Despite being thrown away, Raja feels constantly connected to the unknown mother and tries to envision the ideals of motherly love within the love he finds from women – his foster mothers – one of whom is a poor street vendor, and the other an affluent childless woman with a mental illness, as well as his wife and his mistress.

Nilu, a daughter of privilege who has lost her father, creates a strong bond with Raja, the son of the serving woman, while detesting the relationship with her mother.

The story begins in a fascinating way: how a beggar discovers a newborn infant and how a street vendor, Kaki, becomes his foster mother. The descriptive beginning of the novel gives a perfect idea of what the city of Kathmandu looked like a few decades ago. In addition, the author, who directs the MFA program at Indiana University and teaches creative writing there, has done a masterful work to keep readers interested in what can be the most boring section of any novel – the setting.

Kaki’s love for the child forces her to work for an affluent family that promises her child a better education but runs away for she feels like the child is being snatched away from her. Her new job, in a rich family, lets the protagonist meet the woman of his destiny. Raja is then kidnapped, and Kaki is unable to get him back as the family bribes a hospital official to make papers to claim the child as their baby.

As destiny would have it, Raja and Nilu meet, fall in love and run away from their families to live in a rented room. Whereas Raja continues to search for the meaning of life and love, Nilu holds the family together with her job. The happiness brought by the birth of their son, and the grief brought by his demise, along with their mid-marriage crisis due to their inability to accept each other in the way they are, creates a void in their life; and they look for “alternative love” as Raja lives with a mistress, and Nilu tries a relationship with a young man.

Upadhyay ensures that they keep together, for their necessity and love, and that her second child, a girl, keeps them tied. The girl’s travel to the US and her return, impregnated by a man she had no serious relationship with, and her acceptance into the family, completes the novel in a happy note – just as what readers like.

The bare storyline doesn’t, however, indicate the beauty of the book’s woven words, together with the political, social and historical backgrounds of Nepal giving a tasteful reading that keeps readers stuck to it. No story is great; the greatness of literature lies in the mastery of words to weave the presentation of the story; and in Buddha’s Orphans, Upadhyay indicates he knows it better than any other Nepali writer.

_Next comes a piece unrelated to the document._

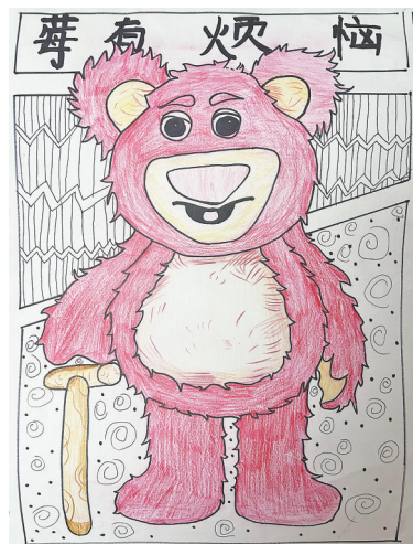
草莓熊 东湖学校四(1)班 杨岚轲
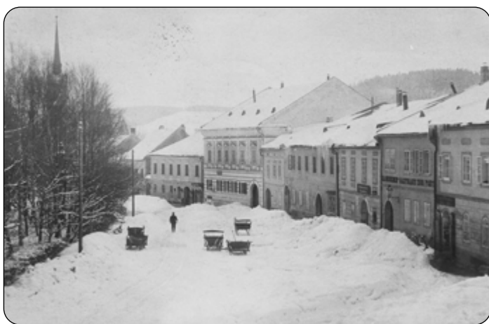
Frymburské náměstí v roce 1908

Pravděpodobně přestěhování souviselo se špatným technickým stavem původní budovy v 50. letech. Tehdy při stavbě přehrad a zátopě cca 1/3 frymburských domů vznikla potřeba zajištění nového bydlení. Kromě zcela nově stavěných domů byly na náměstí zbourány staré zchátralé domy a postaveny nové čp. 6, 9, 24, 25, 77, 79 a 81. Ty už pak sloužily jen jako bytové domy bez doprovodných služeb.

The novel could pass off as a feministic writing, as Nilu has more protagonistic characteristics than the central character of Raja.

Upadhyay was criticized, mainly in Nepal, for his overly sexual and sometimes unrealistic portrayals of Nepali society in his stories in Arresting God in Kathmandu (2001), the novel The Guru of Love (2003), and the collection of short fiction in The Royal Ghosts (2006). But in Buddha’s Orphans, he has neither used excessive sex nor has portrayed the society unrealistically.

The novel justifies the San Francisco Chronicle’s praise for Upadhyay – “a Buddhist Chekhov…with a sense of cyclical nature of life and its passion and that makes Buddha’s Orphans an absolute must-read from an author who has strode forward to redefining Nepal to the world by the means of words.”